Anyone know how to filter misspellings from the suggest result set?
This query finds good suggestions but also includes partial misspellings. e.g. "comercial morgage" returns "commercial mortgage", which is good, but also "comercial mortgage", which is bad because the comercial term is still wrong.
{
"suggest" : {
"text" : "comercial morgage",
"simple_phrase" : {
"phrase" : {
"analyzer" : "standard",
"field" : "title.raw",
"max_errors" : 0.8,
"size" : 3,
"highlight": {
"pre_tag": "<em>",
"post_tag": "</em>"
},
"collate": {
"query": {
"match": {
"title.raw" : "{{suggestion}}"
}
},
"prune": true
}
}
}
}
}
This returns
{
"took": 42,
"timed_out": false,
"_shards": {
"total": 5,
"successful": 5,
"failed": 0
},
"hits": { ... },
"suggest": {
"simple_phrase": [
{
"text": "comercial morgage",
"offset": 0,
"length": 17,
"options": [
{
"text": "commercial mortgage",
"highlighted": "<em>commercial mortgage</em>",
"score": 0.0025874644,
"collate_match": true
},
{
"text": "commercial mortgages",
"highlighted": "<em>commercial mortgages</em>",
"score": 0.0022214006,
"collate_match": true
},
{
"text": "comercial mortgage",
"highlighted": "comercial <em>mortgage</em>",
"score": 0.0019709675,
"collate_match": true
}
]
}
]
}
}
The collate_match for "comercial [em]mortgage[/em]" is true even though this exact phrase does not appear in any document title.

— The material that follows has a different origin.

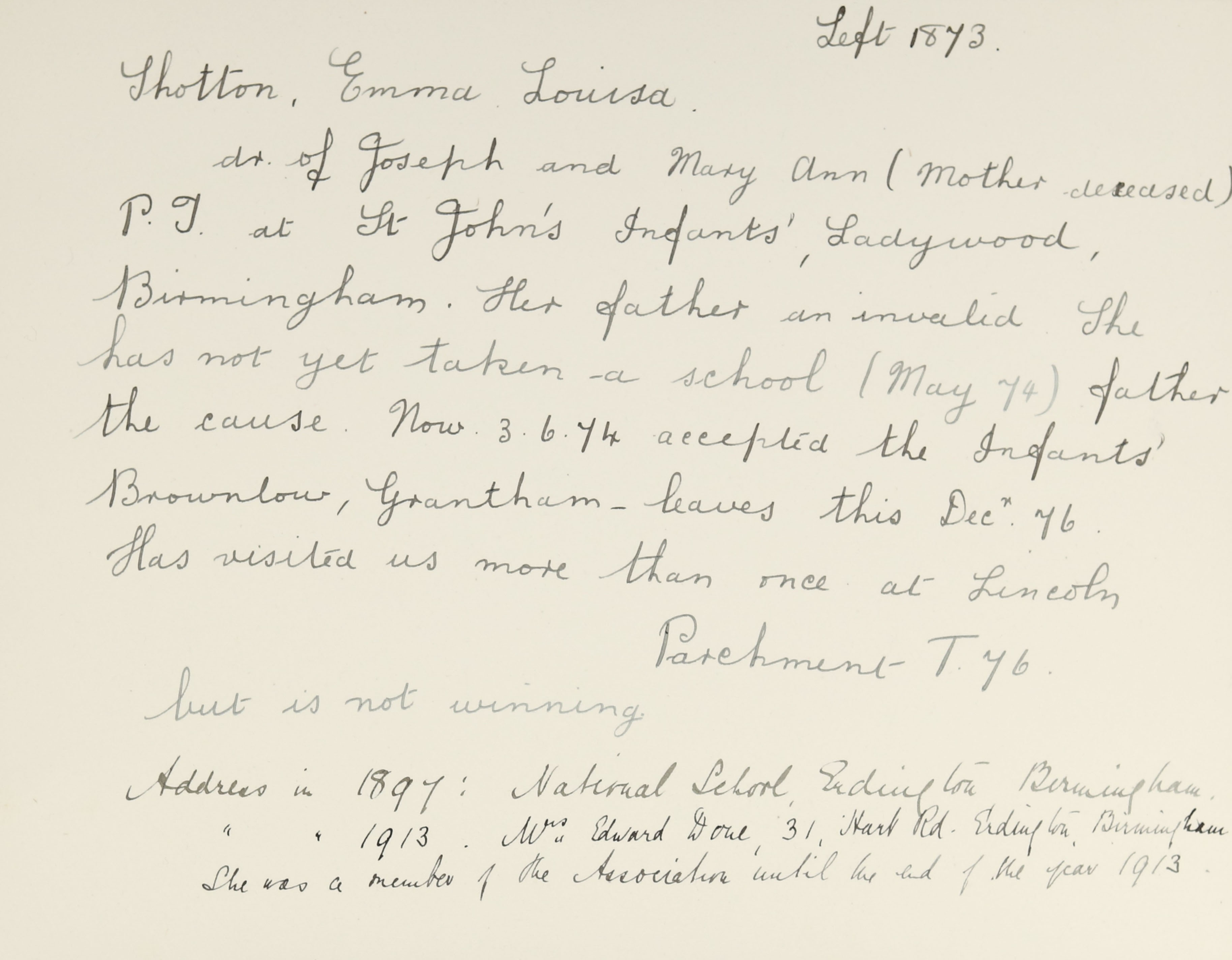 She is at 20 Sycamore Road, Aston. Her father is listed as widower and ‘Pearl B Turner (Button)’. Emma is listed as ‘School Mistress’. Her brother, William, is listed as ‘Clerk’.

The scores are quite low and very similar so I can't filter by a score.
Currently it looks OK on the final page because I use a little javascript to show only results the are surrounded by the [em/] tag but this is a hack and not very nice.
The version of elasticsearch is 1.5.3 but we will probably upgrade soon so I can't use filters in a suggestion.
Does anyone know how to filter/prune any suggestions that do not exist in the title.raw field?
Thanks.